И тут мне стало стыдно: о хронике подумалось в первую очередь, значит, Книга мне всего дороже, как матери всего дороже ее еще не рожденное дитя.
Дверь открывалась медленно, и я решил было, что мне мерещится; но вот раздался шепот:
— Надо его разбудить…
— Только ти-и-ихо! Не вскрикнул бы…
Я сел. Кто-то приближался ко мне от двери. Темнота как бы поредела, зарябило в глазах.
Что-то небольшое вскочило на нары, я вздрогнул — какие-то растопорщенные перья, запахло курятником.
— Бухло? — спросил я, вытягивая руки.
— Я здесь, — отозвался бас от дверей.
— Это я, дядюшка! Эпикур!
— И Виолинка!
Петушок обнимал меня крыльями. Признаться, острый клюв, подставленный Эпикуром для поцелуя, вызвал не самые приятные ощущения. Однако я крепко обнял его, обрадованный неожиданной помощью.
— Что-то колет, — отодвинул я его. — Я было подумал, сердце, из-за волнений…
— Ох, прости, снял шпоры, чтоб не звенели, и заткнул за пояс… Колются, зато не звенят.
— А как вам удалось от стражи отделаться?
— Директор вызвал всех на допрос. Хочет выяснить, кто развязал дядюшке руки. Гениально придумано! Теперь они облаивают друг друга.
Артиллерист огромной глыбой маячил в коридоре.
— Чего возитесь… Пора дверь закрывать… Только утром обнаружат побег. Вот начнется кутерьма, бульдогам достанется на орехи.
— А откуда ты узнал, где я нахожусь? схватил я Эпикура за крылья.
— Это все Мышик! Ну и ловкач! Вдобавок храбрец. Я, правда, с башни ратуши видел, когда приземлялся шар, да, пока примчался на пастбище, бульдоги вас ужо волокли в повозку.
— Мы знали, что вас в замок отвезли, только здесь подземелье — настоящий лабиринт, если б не Мышик, провозились бы с поисками. Он нас привел. Стража перед входом всегда начеку, а задами можно пробраться, старая часть замка совсем заброшена. Дверь просто заставлена шкафом со старыми папками, тяжелыми, как свинец. Да ведь Бухло силач, нажал плечом и отодвинул. Вот мы и здесь. Только бедного Мышебрата с нами нет.
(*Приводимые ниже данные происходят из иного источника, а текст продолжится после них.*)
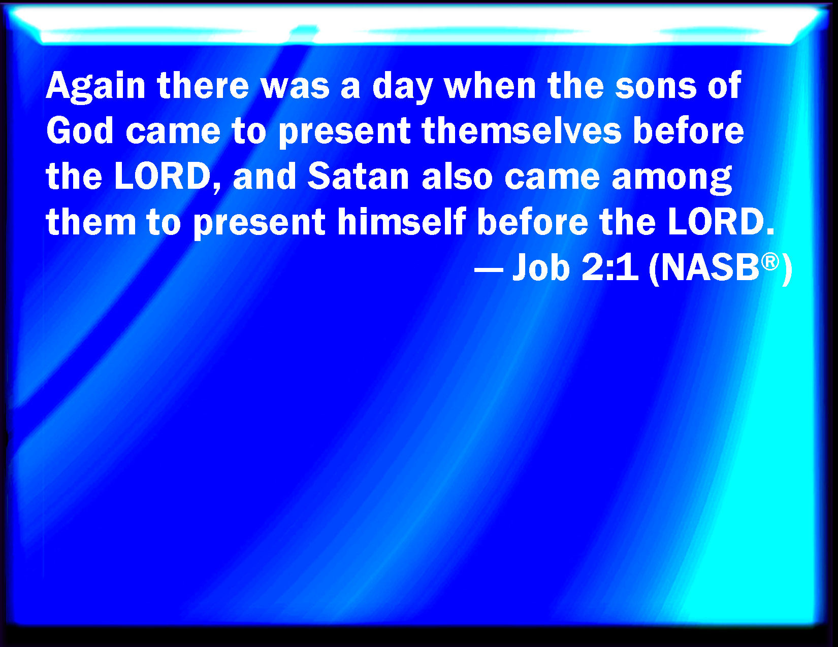 Bible Verse Slide Job 2:1 Again there was a day when the sons of God came to present themselves before the LORD, and Satan came also among them to present himself before the LORD. KJV: Again there was a day when the sons of God came to present themselves before the LORD, and Satan came also among them to present himself before the LORD. DRB: And it came to pass, when on a certain day the sons of God came, and stood before the Lord, and Satan came among them, and stood in his sight, DBT: And there was a day when the sons of God came to present themselves before Jehovah, and Satan also came among them to present himself before Jehovah. ERV: Again there was a day when the sons of God came to present themselves before the LORD, and Satan came also among them to present himself before the LORD. WBT: Again there was a day when the sons of God came to present themselves before the LORD, and Satan came also among them to present himself before the LORD. WEB: Again it happened on the day when the God's sons came to present themselves before Yahweh, that Satan came also among them to present himself before Yahweh. YLT: And the day is, that sons of God come in to station themselves by Jehovah, and there doth come also the Adversary in their midst to station himself by Jehovah.Links Job 2:1 NIV • Job 2:1 NLT • Job 2:1 ESV • Job 2:1 NASB • Job 2:1 KJV • Job 2:1 Interlinear • Job 2:1 Commentaries • Job 2:1 Parallel Texts • Job 2:1 Bible Apps • Job 2:1 Parallel • Bible Hub |

— Его вывезли, — сообщил Мышик. — Завтра казнь. Уж больно спешат.
С сумкой и рюкзаком я пустился за друзьями по темному коридору. Перебрались в старую часть здания, по очереди исчезали за шкафом.
Немного отдохнули, пока ждали Мышика, он поволок обратно в караульню и подсунул спящему надзирателю ключ от моей камеры.
Бухло водрузил шкаф на место самым простецким способом: приладил к задней ножке ремень от штанов и подтянул шкаф вплотную к двери. И никаких следов — чисто сработано.
Теперь можно и фонарик зажечь, при блеклом свете я оглядел друзей. Виолинка выросла, в джинсах и свободном свитере — под свитер спрятала пистоль — она казалась стройным подростком, петушок остался лилипутом, потому и ерошил задорно перышки, красный глаз поблескивал червонным золотом, а длинные перья на хвосте развевались, как гусарские крылья.